Vintage Bedroom Chair

There's someone new keeping us company in the bedroom at night. And during the day. He's short, chubby, and older, but I think I love him.

Meet our new man:
Vintage Chair

Tom's been making me go trail riding (mountain bikes) with him lately - though really I do like it, so it's not like he's dragging me through the forest. I think he wants me to go with him just so he doesn't feel guilty buying pizza afterwards. This last week, as we drove from the trail to the pizza place, we passed an old antique shop near Sharon, Ontario. (That's for you locals.) It's a tiny little place that used to be a motorcycle repair shop. Sounds bad, right? They had all kinds of solid wood furniture outside though, so I made Tom stop to take a look.

There was nothing that we really wanted - well, there was a dining room set but we don't have room for it. Just as we were about to leave I saw this chair with cardboard boxes piled on top of it. The fabric looked brand new and it didn't sag, plus the grey would match our bedroom, so off I went to find out the price. The guy told me $45 or best offer. Seriously? I was expecting over a hundred dollars. Especially since the manufacturer's tag was still on the bottom. And did I mention that the fabric was brand new? Tom had $35 in his wallet (I conveniently didn't bring mine), so just like that it was ours.

The tag on the bottom says it was made in 1967 and the upholstery was originally tangerine. Can you imagine? Though our bedroom is done in grey and orange, so maybe it would have matched regardless.

Vintage Furniture Tag

The finish on the wood is peeling, but I'd like to stain it a darker shade anyway. I'm thinking espresso or ebony.

Vintage Chair

The seat is really wide and the arms are low - perfect for slouching in while we talk about our day.

Vintage Chair

The fabric is a little bluer than the walls, but it seems to match the grey in the pillows exactly. (Not that that pillow would stay there - it's a bit big - but I wanted to add some colour to the shot.)

Vintage Chair


The room really needed a dose of old-fashioned. Even Tom, who originally didn't want a chair in the bedroom, said, "Hey, this is pretty comfortable to sit in." Better believe it! This guy is staying.

Vintage Chair


Jul 29, 2013

Rainy Day Sewing Projects

I knocked out a couple of sewing projects this weekend. It rained on and off most of the weekend so it was a good time for some indoor activities.

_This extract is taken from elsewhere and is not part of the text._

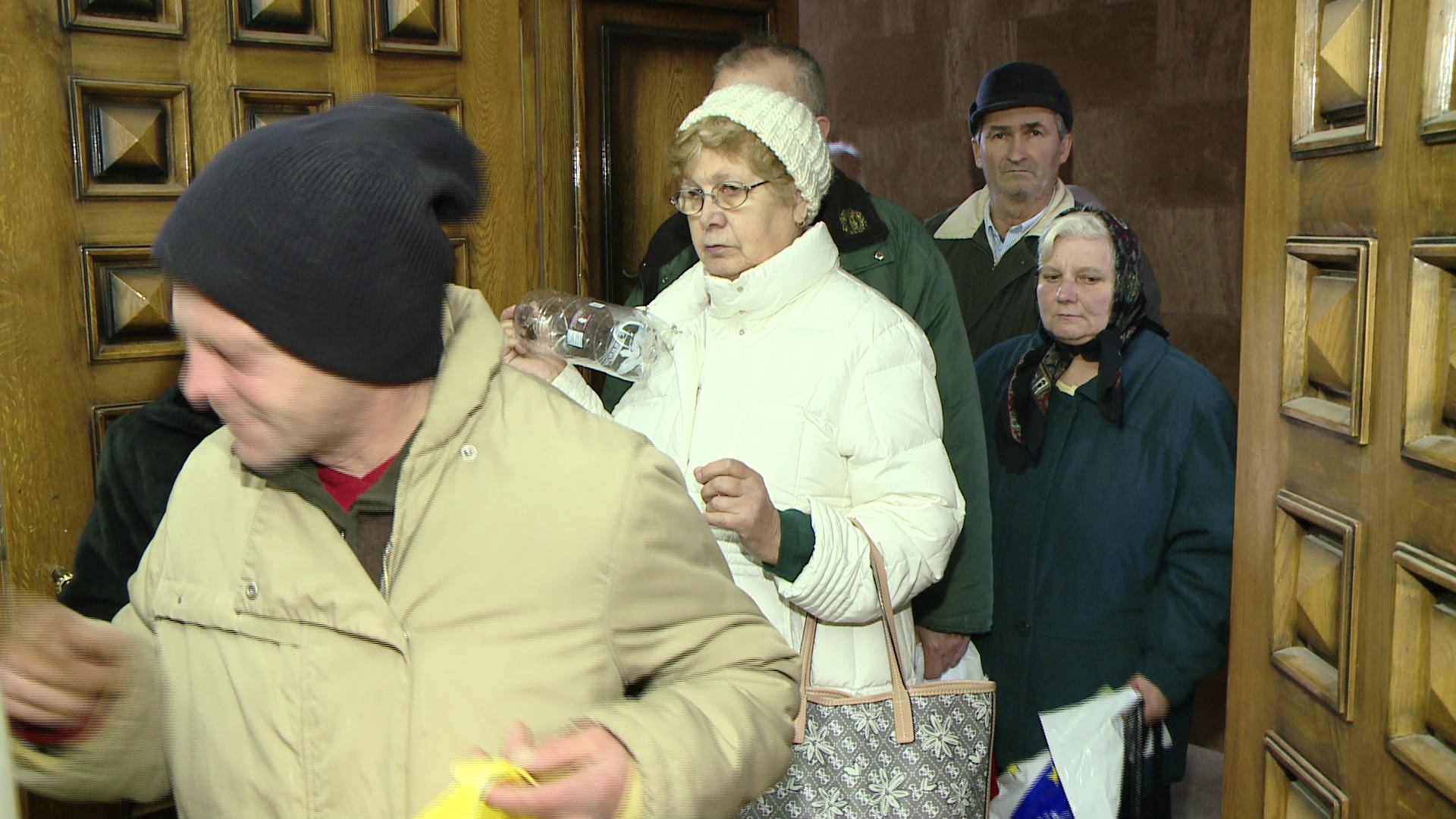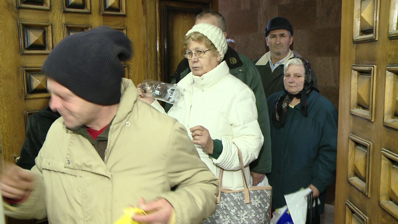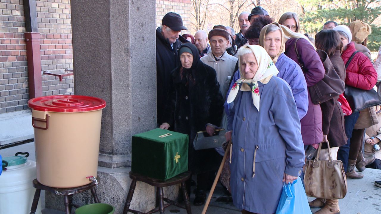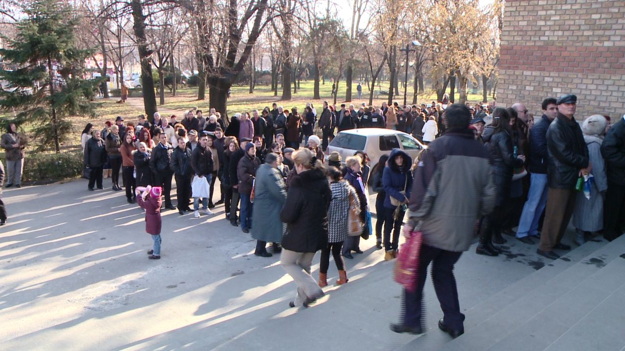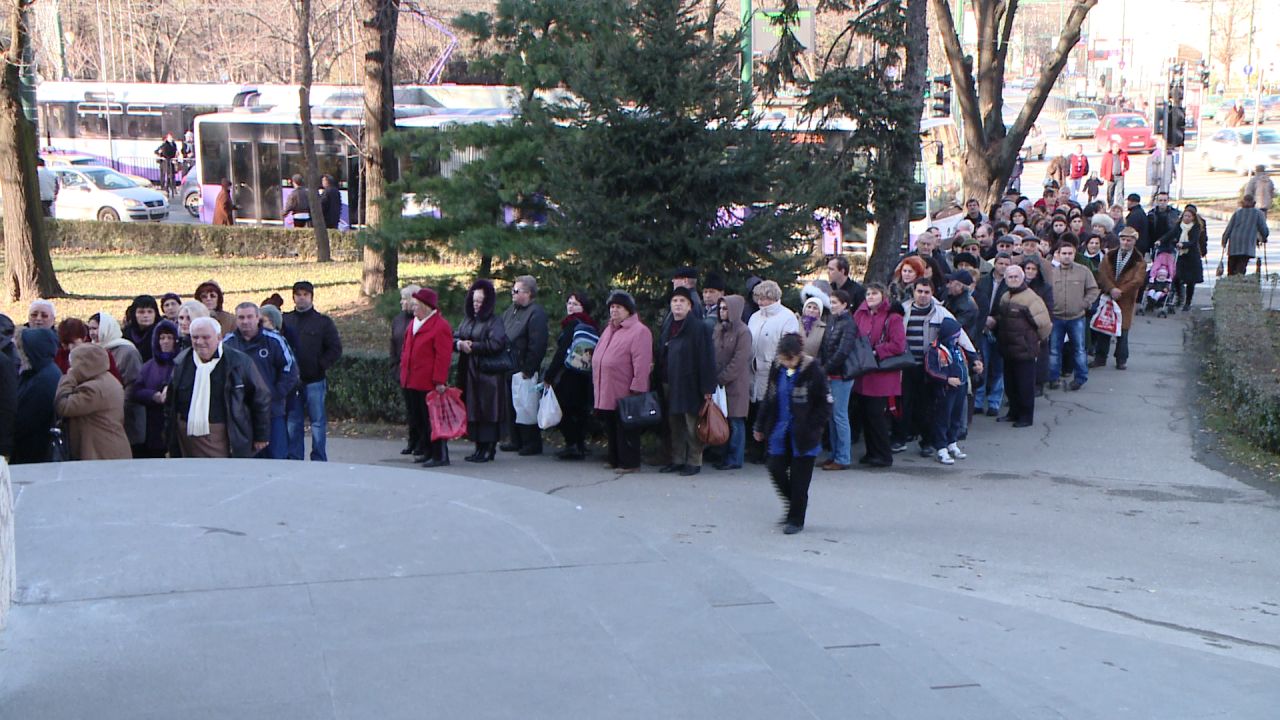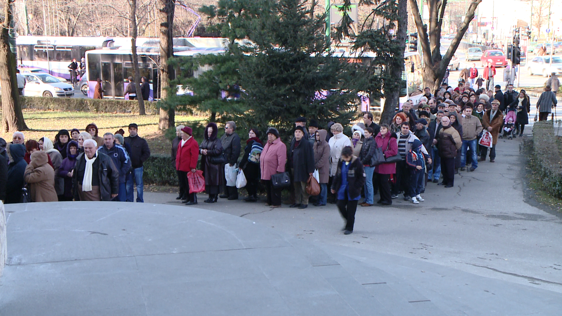 Sute de credinciosi s-au asezat la cozi pentru a lua apa sfintita de la bisericile din Timisoara

First up was re-recovering this little footstool.

recovered footstool

If you remember, I'd originally recovered it with dropcloth material and a freezer paper ink transfer.  But once I'd bought the turquoise/yellow chair from Target, the beige & brown just didn't match. When I was cleaning out the linen closet I found an old set of curtains that were nearly the same yellow as in the chair. They are a rough, almost-dropcloth-like material too.

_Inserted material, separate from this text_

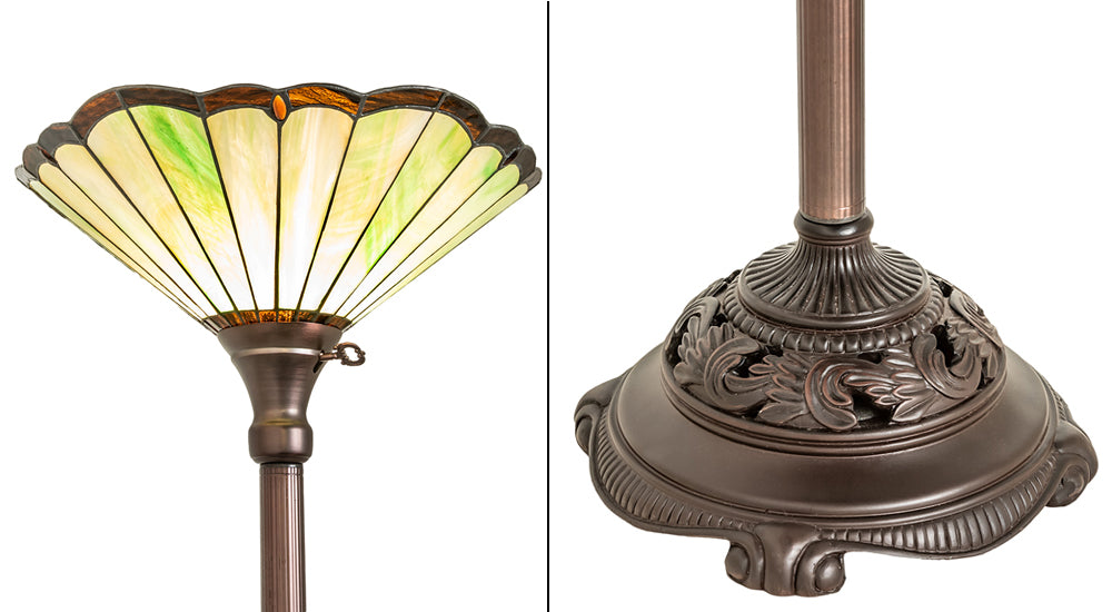 A classic stained glass design to complement any decorative scheme, from traditional and contemporary, to eclectic or nostalgic. This stunning Caprice Floor Lamp features an appealing Avocado Green stained glass shade with Bark Brown trim. The inverted shade is created using the famous Meyda Tiffany copperfoil construction process. The hardware is finished in a handsome Mahogany Bronze. The Caprice Floor Lamp is included in our American-designed, handcrafted Tiffany Stained Glass Collection. Each shade is a unique work of art with color variations based on natural ingredients inherent in the glass.
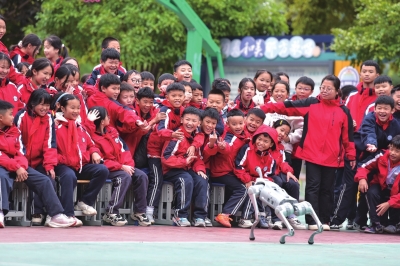 | 流动科学课进校园活动,从江县城关第四小学的学生和机器狗互动。 龙梦前 摄(影像贵州) |

I was planning on just folding over the material at each corner and stapling it under, but after several dozen tries I couldn't get it to lay to my liking. So I sewed the corners down the same as I did the first time I recovered it. This time I also added a little seam on each top edge by folding the material over and sewing a thin line (hem?) No real reason for it, I just thought it'd be fun.

recovered footstool
recovered footstool

To attach the fabric to the stool, you simply unscrew the stool legs, pull the newly sewn slipcover on, fold the edges over, and staple them to the bottom. Start by stapling once in the center of each side (pull the fabric taut), then do the corners, then fill the spaces between the center points and the corners. You then reattach the legs and you're done.

recovered footstool

The stool is still a little plain looking. I think I'm going to make a stencil of one of the ikat patterns on the chair and paint it on to the top of the stool.

recovered footstool


The second project was a new dog bed. I love making dog beds. They are so easy, and they make the dogs happy. There's nothing I like more than making my dogs happy.

This entire project required no new materials. I used two old blankets, a waterproof fitted sheet from Goodwill, and a curtain panel from the As-Is section of Ikea that I had in my fabric stash.

Little Dog (Sasha) has been having some minor incontinence problems lately (we're trying a change of diet and homeopathic drops to see if it helps), so we've had to throw out a few dogs beds. You can wash a cover, but there's only so much you can do for the bed itself. And we have an abundance of old blankets that we aren't using anymore.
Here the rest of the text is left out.